Stored data
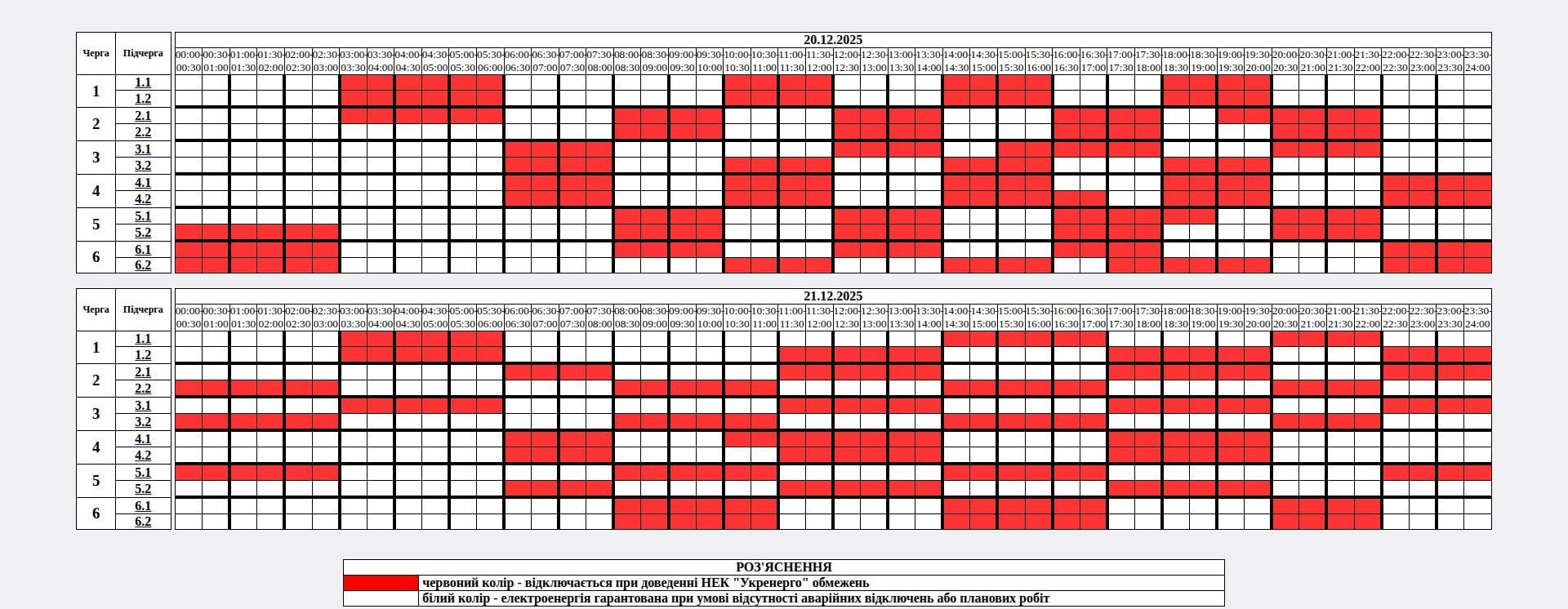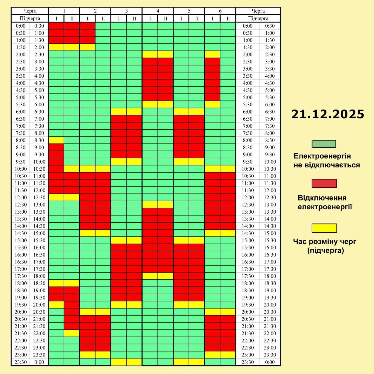 У Черкаській області 21 грудня графіки передбачають відключення сумарною тривалістю 9–10 годин на добу для кожної черги. Світло вимикатимуть у 3–5 часових проміжків, що рівномірно розподілені протягом усієї доби.
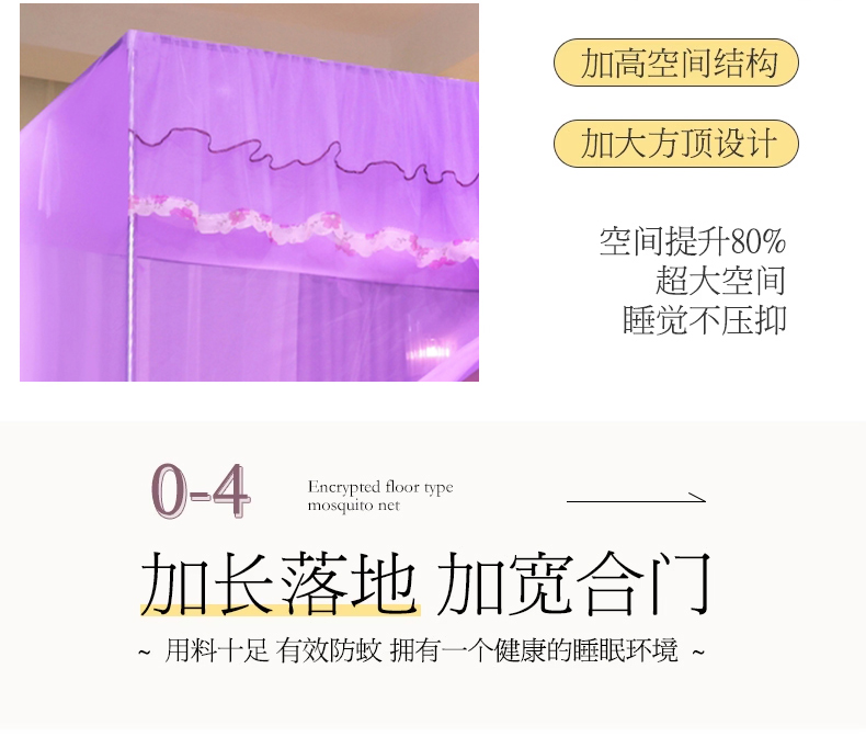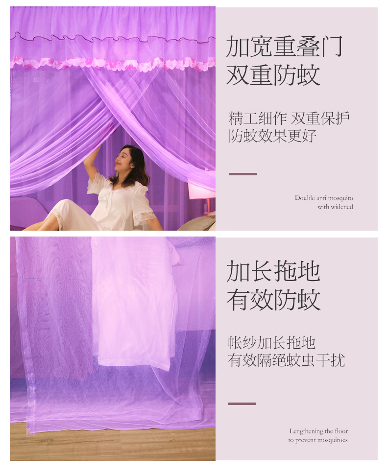 当前位置: 91家纺网 > 商品网购 > 床上用品 > 蚊帐 > 坐床式蚊帐 > 初心家纺 2025新款高效防蚊落地单开门花边蚊帐--舒夏系列 舒夏单开门紫色(网纱顶)
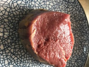 把牛肉上的水用厨房纸吸干,净锅入油烧热,放入牛排,煎到自己喜欢的熟度。待牛肉稍冷后切成小块或小条备用。
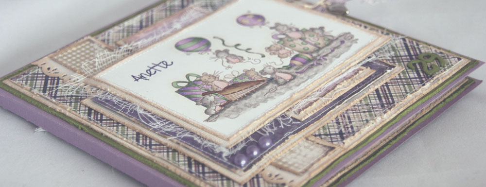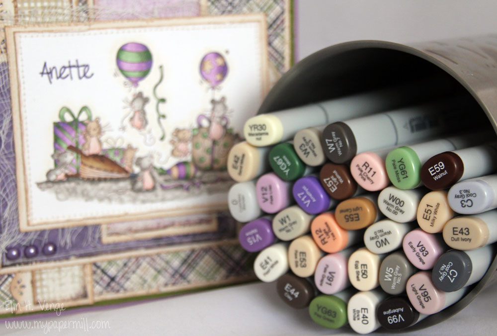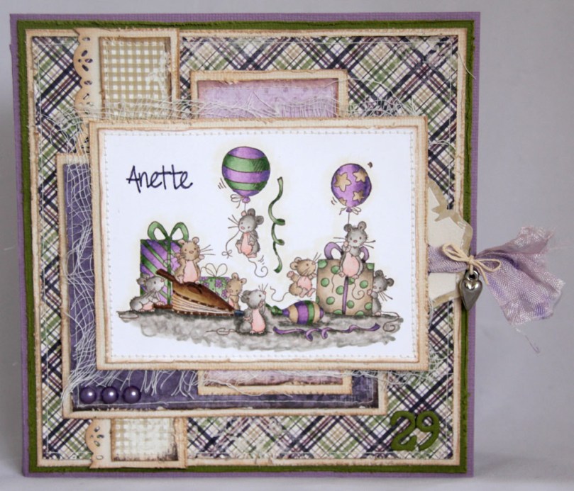 Motivet er fra Lili of the Valley og heter “Birthday Balloons”, som vanlig fargelagt med Copics. Når jeg først så dette motivet i nettbutikken til LOTV måtte jeg bare ha det, ikke nødvendigvis fordi musene var så søte, men pga peisblåseren (heter det det?) som de søte små musene bruker til å blåse opp ballongene med!! Egentlig passer dette musemotivet perfekt til min søster, hun hadde nemlig kallenavnet “Musa” når hun var yngre fordi hun var så liten. Vår kusine, som er ca et halvt år yngre enn Anette, var en god del større og ble kalt “Rotta”…
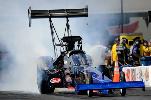 After pedaling his way to a win in the first round, Steve Torrence’s weekend came to a tough end when a mechanical malfunction caused his car to shut off when he was ahead of Wayne Newby in the second round. That allowed Newby, who paired a .046 light with a 3.849, to beat Torrence’s slightly quicker 3.843. It capped what was a frustrating weekend overall for Torrence, who had one of the steadier cars through the regular season but had two tire-smoking runs in qualifying and two less-than-perfect passes in eliminations.
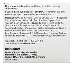 ● Infused with Vitamin E, Beta-Carotene, and Coenzyme Q10, this Eucerin Anti-Wrinkle Face Cream nourishes and protects the skin, promoting a healthy, youthful appearance.
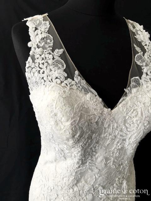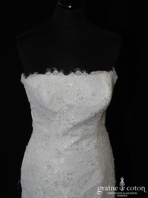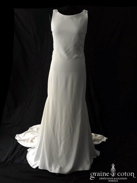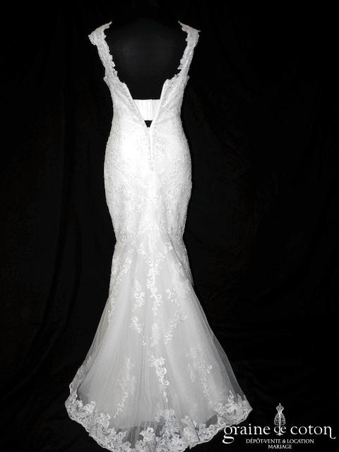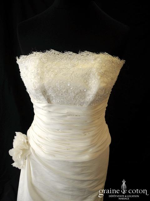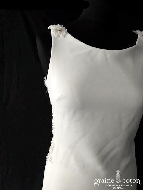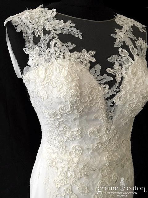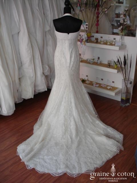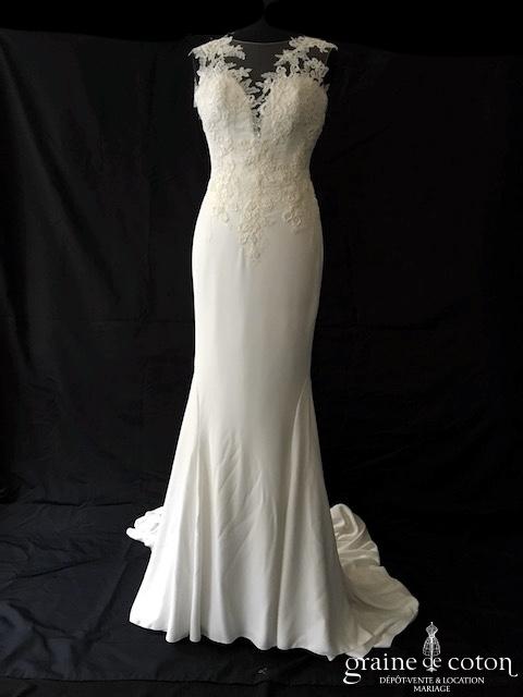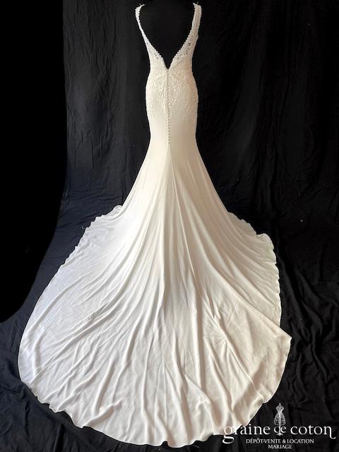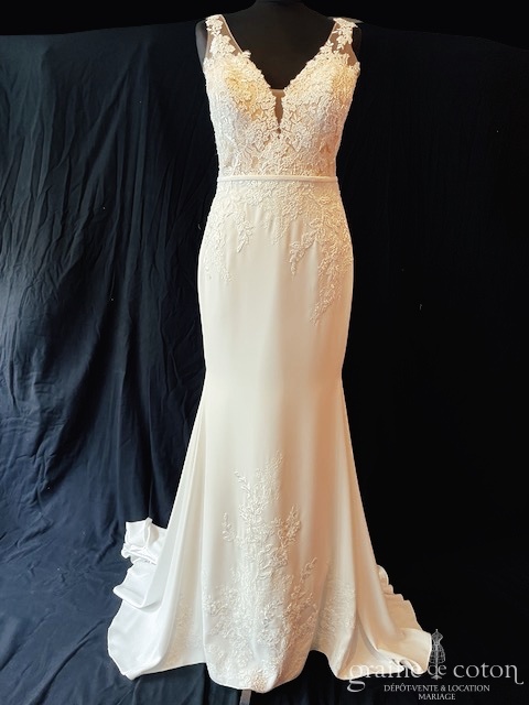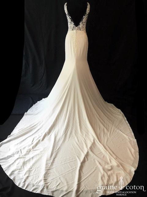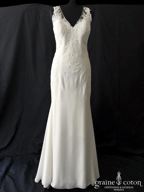 Robe une pièce en crêpe et dentelle délicatement perlée ivoire clair : top décolleté V avec bretelles, dos nu puis boutonné. Empiècements en dentelle transparente sur les hanches. Jupe sirène …
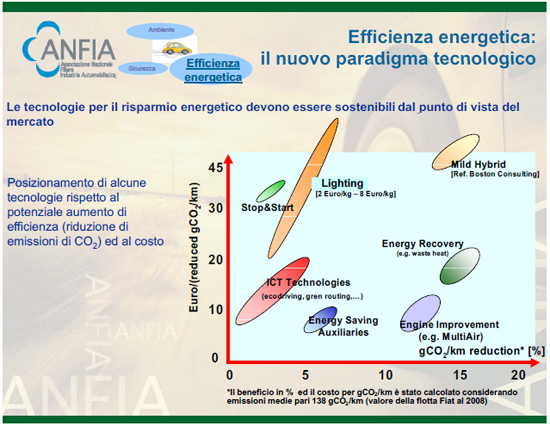 Il ruolo determinante dell’efficienza energetica per la riduzione delle emissioni è riconosciuto anche dall’Agenzia Internazionale per l’Energia (AIE). L’AIE stima in 8,2 giga tonnellate di emissioni di CO2 il potenziale di riduzione offerto dall’efficienza energetica entro il 2030, in uno scenario in cui il tetto alle emissioni di CO2 necessario per mantenere l’innalzamento della temperatura terrestre sotto i 2°C entro il 2030, è stimato in 26 giga tonnellate. In uno scenario di lungo periodo, inteso a dimezzare le emissioni al 2050, fatto 100 il valore totale della riduzione delle emissioni, il 36% sarebbe ottenibile proprio grazie ad un aumento dell’efficienza energetica negli usi. Nel medio periodo è comunque necessario e vitale promuovere il miglioramento dell’efficienza dei motori a combustione interna e, contemporaneamente, preparare il mercato (anche a livello di infrastrutture e normative) all’introduzione dei nuovi carburanti. L’impiego di miscele di metano e idrogeno in motori ad elevata efficienza, ad esempio, permette una graduale diffusione dell’idrogeno e produce benefici già nel breve periodo.
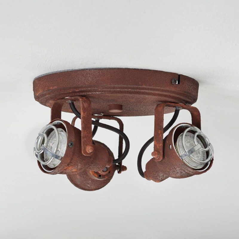 Super trendové a variabilne nastaviteľné stropné svietidlo Bente v hrdzavom vzhľade V prípade tohto stropného svietidla ide o osvetľovací doplnok, ktorý zaručuje nielen optimálne osvetlenie miestnosti, ale tiež dizajn, ktorý si všimne úplne každý. Rustikálny dizajn majú nielen tri voľne pohyblivé reflektorové svietidlá, ale aj okrúhly stropný držiak, ktorý je zahalený originálnou hrdzavou povrchovou úpravou, čím svietidlo získava svoj mimoriadne industriálny charakter.
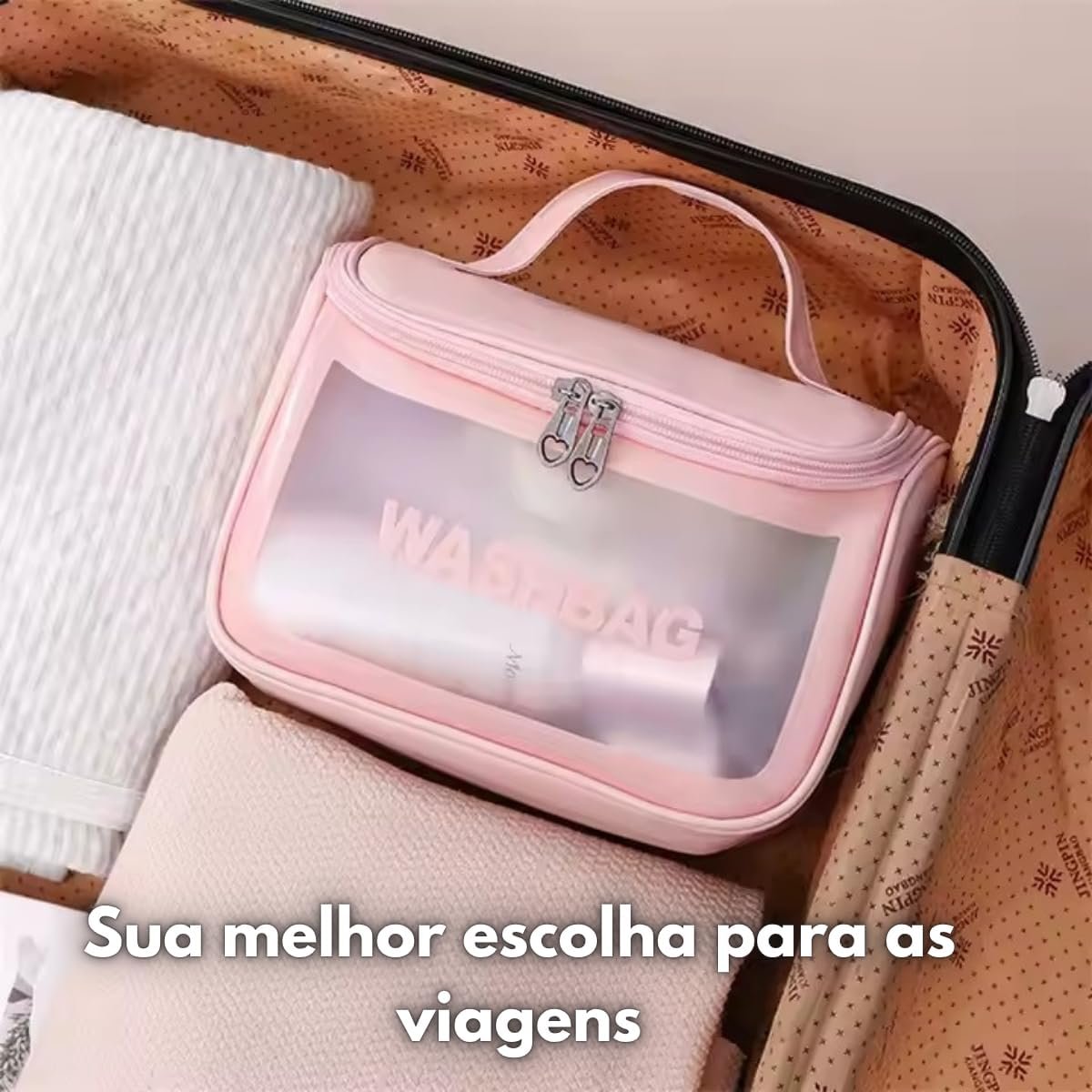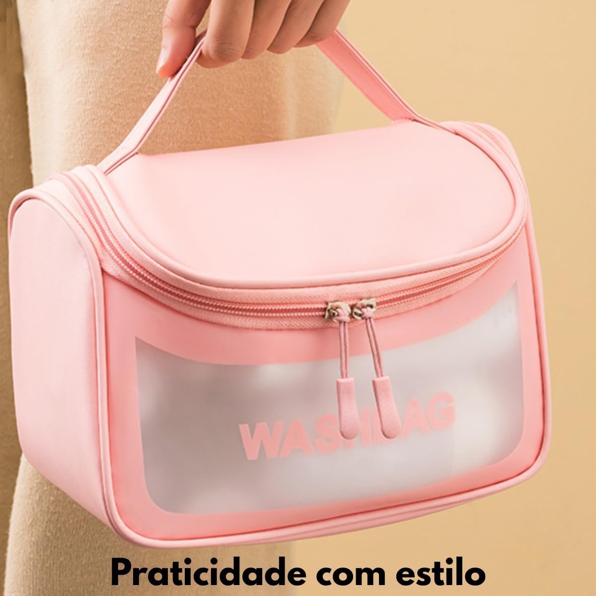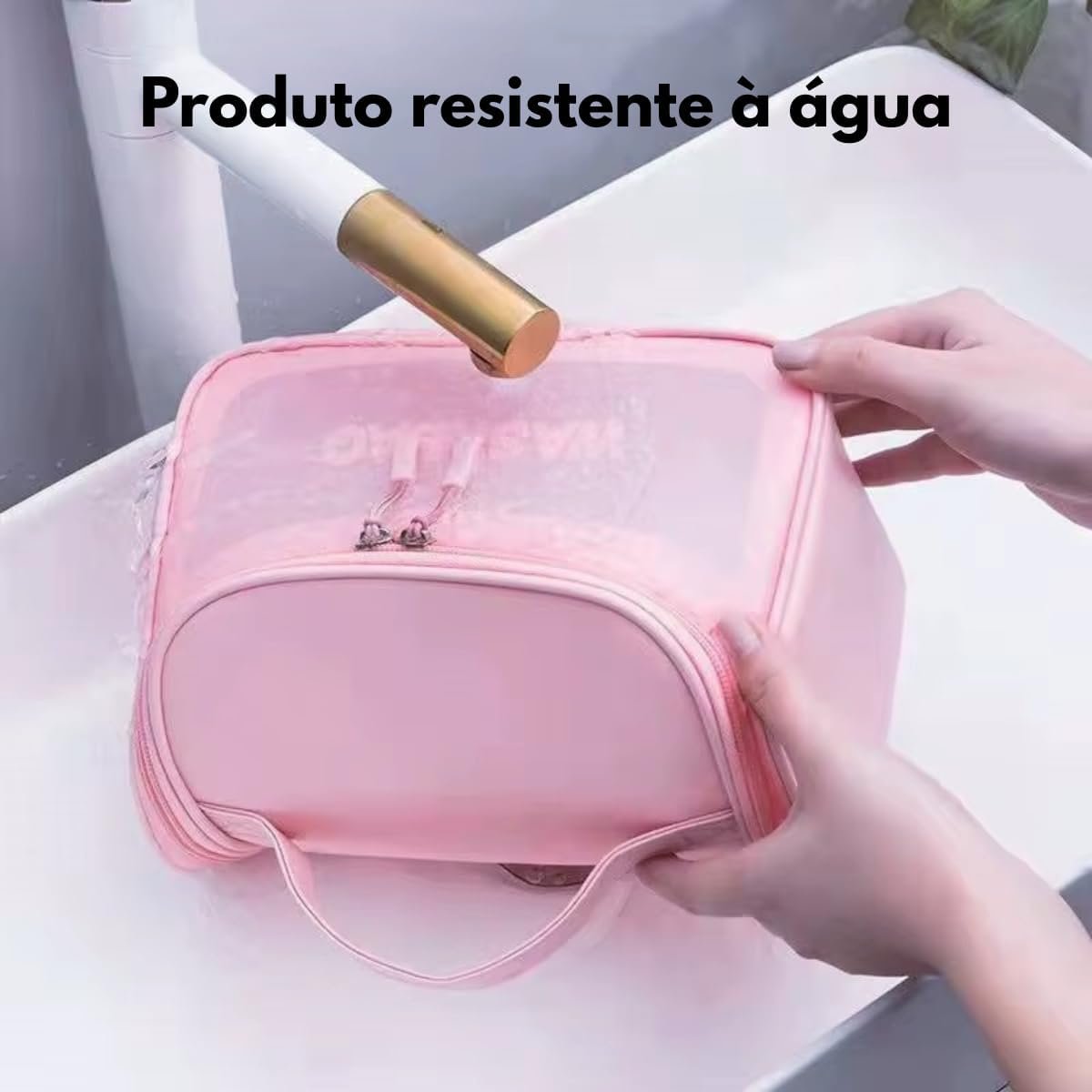 Necessaire Feminina Transparente Viagem Bolsa Ideal para Cosméticos Maquiagem Higiene Pessoal Fechamento com Zíper Fácil Acesso Design Moderno Funcional Impermeável (Preto)

- [Instructions to follow] Please give back exactly the lines from the first line of the records above through the line containing "把牛肉上的水用厨房纸吸干,净", only those and both included, with the pictures removed.

- [Solution to the exercise]
 У Черкаській області 21 грудня графіки передбачають відключення сумарною тривалістю 9–10 годин на добу для кожної черги. Світло вимикатимуть у 3–5 часових проміжків, що рівномірно розподілені протягом усієї доби.
 当前位置: 91家纺网 > 商品网购 > 床上用品 > 蚊帐 > 坐床式蚊帐 > 初心家纺 2025新款高效防蚊落地单开门花边蚊帐--舒夏系列 舒夏单开门紫色(网纱顶)
 把牛肉上的水用厨房纸吸干,净锅入油烧热,放入牛排,煎到自己喜欢的熟度。待牛肉稍冷后切成小块或小条备用。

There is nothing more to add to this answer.